Guo Dongdong, Zhang Yan, Chen Xiangqun, Peng Hao, Jiang Zongrui, Ma Haitao, Du Wenbo
Peking University School of Software and Microelectronics, 24 Jinyuan Road, Daxing Industrial District, Beijing, 102600, Beijing, China.
Beijing Benz Automotive Co., Ltd., 8 Boxing Road, Beijing Economic-Technologlcal Development Area, Beijing, 100176, Beijing, China.
Heliyon. 2024 Nov 13;10(22):e40115. doi: 10.1016/j.heliyon.2024.e40115. eCollection 2024 Nov 30.
The RV reducers are complex and sealed mechanical systems that are difficult to conduct fault diagnosis in advance. The previous research worked on the fault identification of RV reducer were mainly carried out on the test platforms instead of real complex working conditions. Most of faults were intentionally created in laboratory instead of real malfunction caused by factory daily operation. In the present paper, the actual failure mode of RV reducer for the industrial robots in factory is taken as the goal of fault diagnosis. The constant speed segment data extraction method is designed to overcome the difficulty of frequency domain analysis caused by non-uniform rotation in working conditions and ensure the quality and effectiveness of features extraction. Several machine learning classification models are selected regarding their inherent features.
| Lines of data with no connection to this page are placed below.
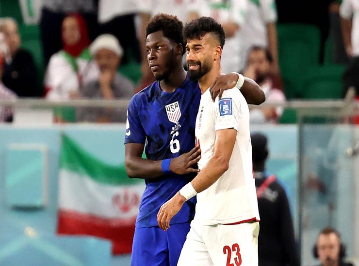 Giocatore americano e giocatore iraniano/FOTO ANSA/Abedin Taherkenareh
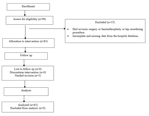 Methods: This is a retrospective cohort study of THA cases performed between 2010 and 2019 at a tertiary center in Saudi Arabia. Retrieved data include patients’ ages at the time of surgery, chronic diseases, presurgical diagnosis, site and duration of surgery, and postoperative complications.
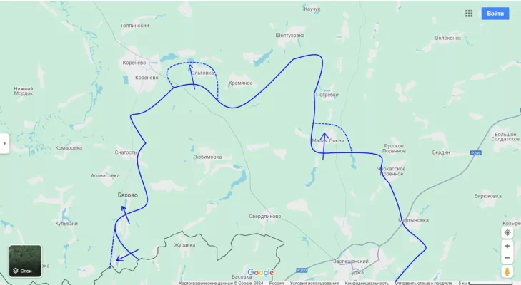 Здесь без особых изменений. Очевидно, что противник перегруппирует свои силы для наступления на других участках Курского направления. Это дает нам возможность зачищать леса между Каучуком и Погребками от мобильных групп противника. Которые там обосновались.
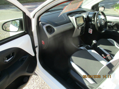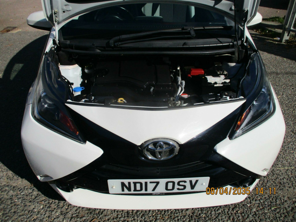 AIRCON+CRUISE+REAR CAMERA,this is a lovely looking very well cared for aygo thats in very good condition throughout and drives great.there are 6 recorded services and will have a new mot test on sale.good extras pack.finance arranged,rac warranty. in steel wheels, 15in wheel caps, 3-spoke leather steering wheel, abs - anti lock braking system, am-fm radio, air conditioning, air vent surrounds - carbon effect, airbags - curtain, airbags - driver, airbags - front passenger, airbags - front passenger cut-off switch, airbags - front side, black carbon effect diffuser, bluetooth connectivity, body coloured door mirrors, centre console - steel grey, chrome insert on gear shift, chrome inside door handles, clean air filter, cupholders - front, cupholders - rear, dab digital radio, daytime running lights - led, door handles - body coloured, driver and passenger sun visors with mirror, ebs - emergency brake signal, electric power steering - eps, electric and heated door mirrors, front 12v power outlet, front power windows, front x-tension - carbon effect, gear shift surround - steel grey, gloss black front x, glovebox, hac - hill start assist control, headlights - electronic levelling, high mounted rear brake light, isofix child restraint system, immobiliser, interior light, intermittent windscreen wipers, leather gear shift knob, projector halogen headlight with led tracer lights, rear headrests, rear spoiler, reclining front seats, remote central locking, seat belt - pre-tensioners and force limiters, seat belt reminder - front and rear, seats - 50-50 split folding rear, seats - drivers height adjustment, seats - sliding front, speed limiter, steel grey dashboard, steering wheel - audio controls, steering wheel - manual tilt adjustment, storage - central console, storage - front door pockets, storage - rear door pockets, tonneau cover - retractable, tyre pressure warning system, tyre repair kit, usb and aux in, vsc - vehicle stability control
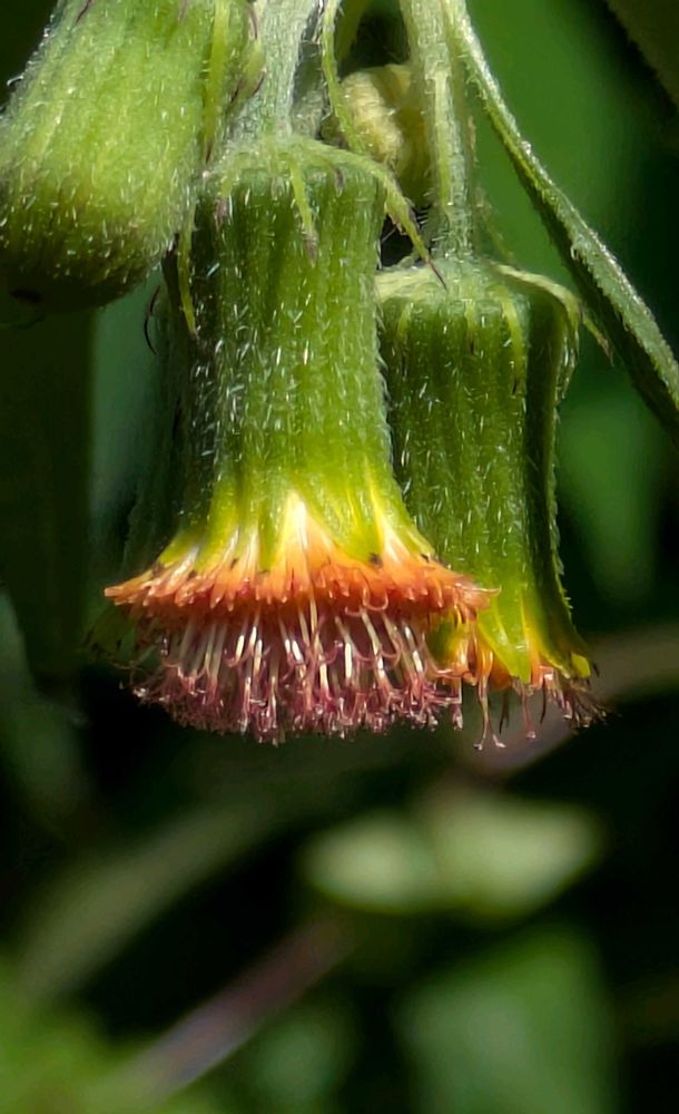 頭花が紅色になるボロギク🔴ダンドボロギクと違って、普通は下向きに咲いている♬
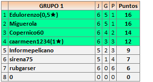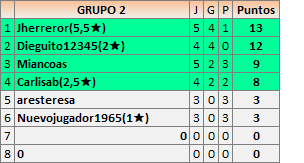 Deja un comentarioEn está página se irán publicando los resultados de las diferentes partidas, siendo ambos jugadores responsables de subirlos o de comprobar que ya hayan sido publicados insertando un COMENTARIO en la parte inferior de la pantalla (opción “Deja tu comentario”), indicando el nombre de los dos jugadores y los puntos obtenidos en la partida.
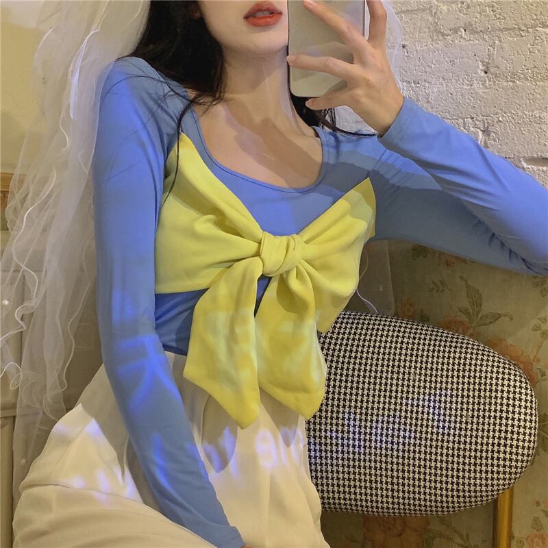 ステッチボウノット長袖Tシャツレディース秋タイトフィットコットンボトミングシャツインデザインセンスのスリムインナートップ ブラックストロベリース30317393106
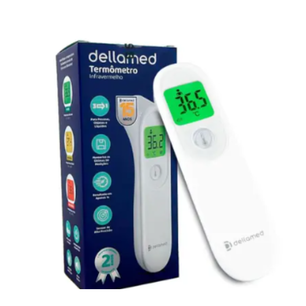 O Termômetro Infravermelho Dellamed permite medir a temperatura corporal sem contato, em poucos segundos, garantindo higiene, precisão e praticidade. Ideal para adultos, crianças, bebês e uso profissional.
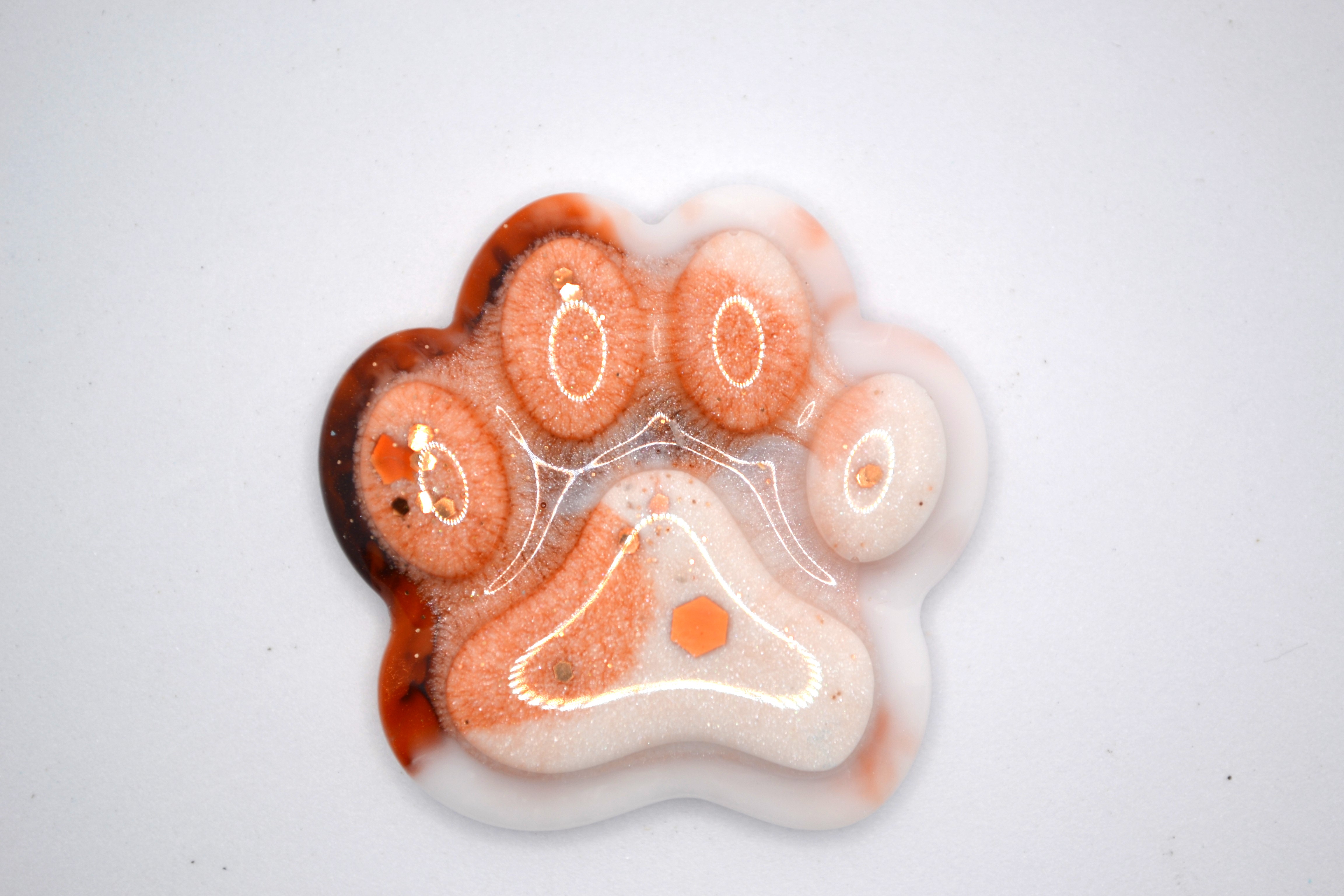 Nøglering, pote, brun og hvid med glitter
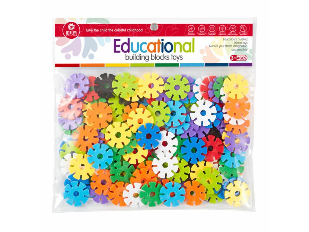 129 darab műanyag építőelem (3,5 cm) készlet, körbefutó bevágásokkal. Példákkal együtt. 3 éves kortól alkalmas.
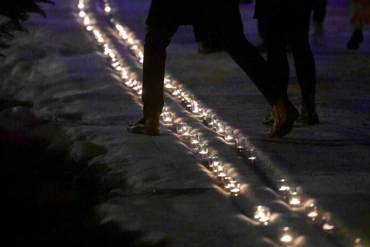 Am Ende setzten die Besucher Kerzen in ein Stück Loipe aus extra von Helfern angekarrtem Schnee - eine leuchtende Spur in der Nacht.
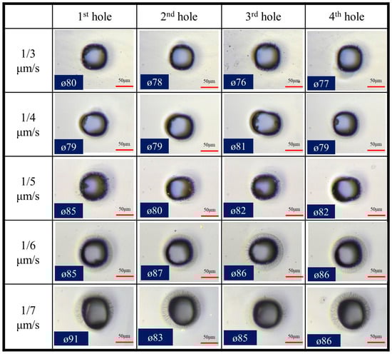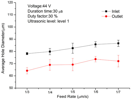 - The average inlet and outlet diameters increase with the decrease in feed rate because at a low feed rate, the total processing time is relatively long, and the lateral discharging time is increased, resulting in a large amount of array micro-hole enlargement;

The proper DNN binary classification model shows the best performance that can meet the requirements of fault identification in industrial environment.
RV减速器是复杂的密封机械系统,难以提前进行故障诊断。以往关于RV减速器故障识别的研究主要在试验平台上进行,而非实际复杂工况。大多数故障是在实验室中人为制造的,而非工厂日常运行导致的实际故障。本文以工厂中工业机器人的RV减速器实际故障模式为故障诊断目标。设计了恒速段数据提取方法,以克服工况下转速不均匀导致的频域分析困难,确保特征提取的质量和有效性。根据其固有特性选择了几种机器学习分类模型。合适的深度神经网络(DNN)二分类模型表现出最佳性能,能够满足工业环境中故障识别的要求。